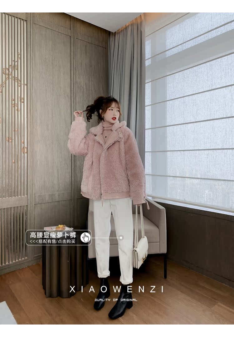 2019冬季女韓版寬松立領拉鏈羊羔毛外套顯瘦百搭加厚長袖上衣1入
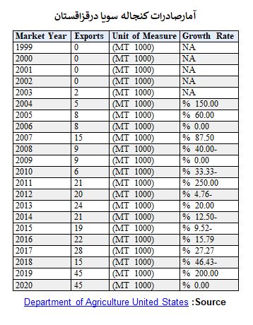 طی سه سال 2018 تا 2020 میزان صادرات کنجاله سویا در قزاقستان به میزان 45 هزارتن درسال بوده است که بیشترین میزان صادرات در 20 سال گذشته محسوب میشود. به این ترتیب مشاهده میشود که حدود یک چهارم کنجاله سویای تولید در قزاقستان صادر میشود. جدول زیر آمار کنجاله سویای صادرشده از سوی قزاقستان ظرف 22 سال گذشته را نشان می دهد.
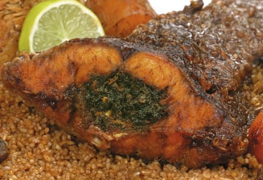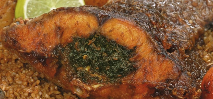 Sauce onctueuse à la pâte d’arachide et légumes mijotés.
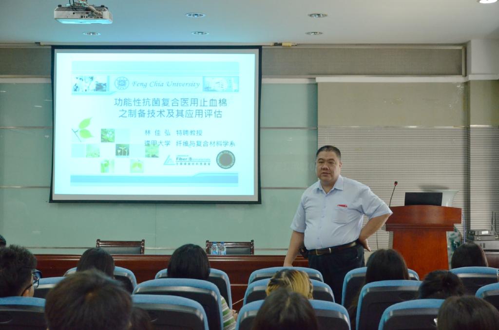 williamhill威廉希尔纺织服装公司副经理潘如如教授主持开场。首先由逢甲大学纤维与复合材料学系林佳弘教授带来学术报告,他对功能性抗菌复合医用止血棉之制备技术及其应用评估进行了阐述,包含纺织概念、分类到纺织结构复合材料、纺织复合材料的定义等介绍,用问答的方式更好地调动了大家的积极性,还介绍了目前的工作业绩和主要研究成果。
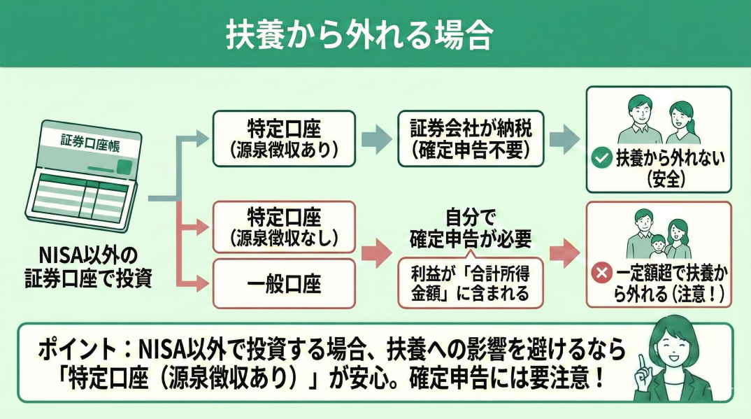 「特定口座(源泉徴収あり)」は、証券会社が利益から税金を源泉徴収してくれるため、確定申告の必要がなく、扶養から外れる心配もありません。
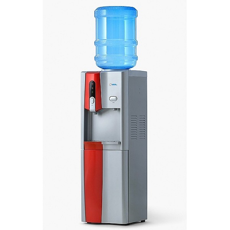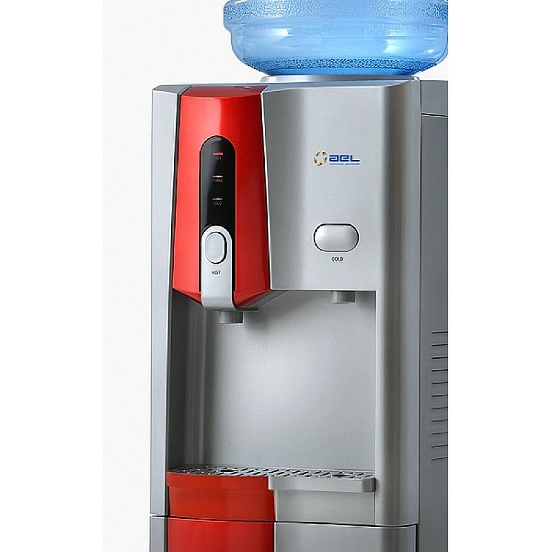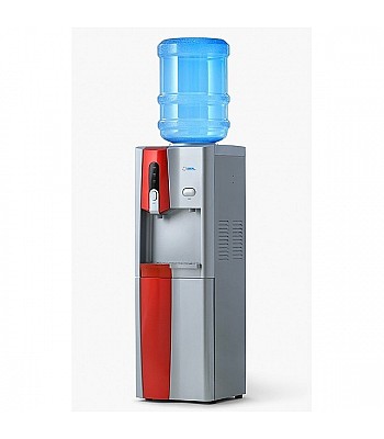 Элегантный напольный кулер серебристого цвета с яркой красной вставкой с правой стороны, расположенной в основной рабочей зоне и переходящая на дверку встроенного 16-литрового холодильника. Удобная подача воды с помощью клавиш-кнопок на лицевой панели.
+++++
# Your goal:
Omitting the pictures, repeat all entries exactly.

# Written answer:
 2019冬季女韓版寬松立領拉鏈羊羔毛外套顯瘦百搭加厚長袖上衣1入
 طی سه سال 2018 تا 2020 میزان صادرات کنجاله سویا در قزاقستان به میزان 45 هزارتن درسال بوده است که بیشترین میزان صادرات در 20 سال گذشته محسوب میشود. به این ترتیب مشاهده میشود که حدود یک چهارم کنجاله سویای تولید در قزاقستان صادر میشود. جدول زیر آمار کنجاله سویای صادرشده از سوی قزاقستان ظرف 22 سال گذشته را نشان می دهد.
 Sauce onctueuse à la pâte d’arachide et légumes mijotés.
 williamhill威廉希尔纺织服装公司副经理潘如如教授主持开场。首先由逢甲大学纤维与复合材料学系林佳弘教授带来学术报告,他对功能性抗菌复合医用止血棉之制备技术及其应用评估进行了阐述,包含纺织概念、分类到纺织结构复合材料、纺织复合材料的定义等介绍,用问答的方式更好地调动了大家的积极性,还介绍了目前的工作业绩和主要研究成果。
 「特定口座(源泉徴収あり)」は、証券会社が利益から税金を源泉徴収してくれるため、確定申告の必要がなく、扶養から外れる心配もありません。
 Элегантный напольный кулер серебристого цвета с яркой красной вставкой с правой стороны, расположенной в основной рабочей зоне и переходящая на дверку встроенного 16-литрового холодильника. Удобная подача воды с помощью клавиш-кнопок на лицевой панели.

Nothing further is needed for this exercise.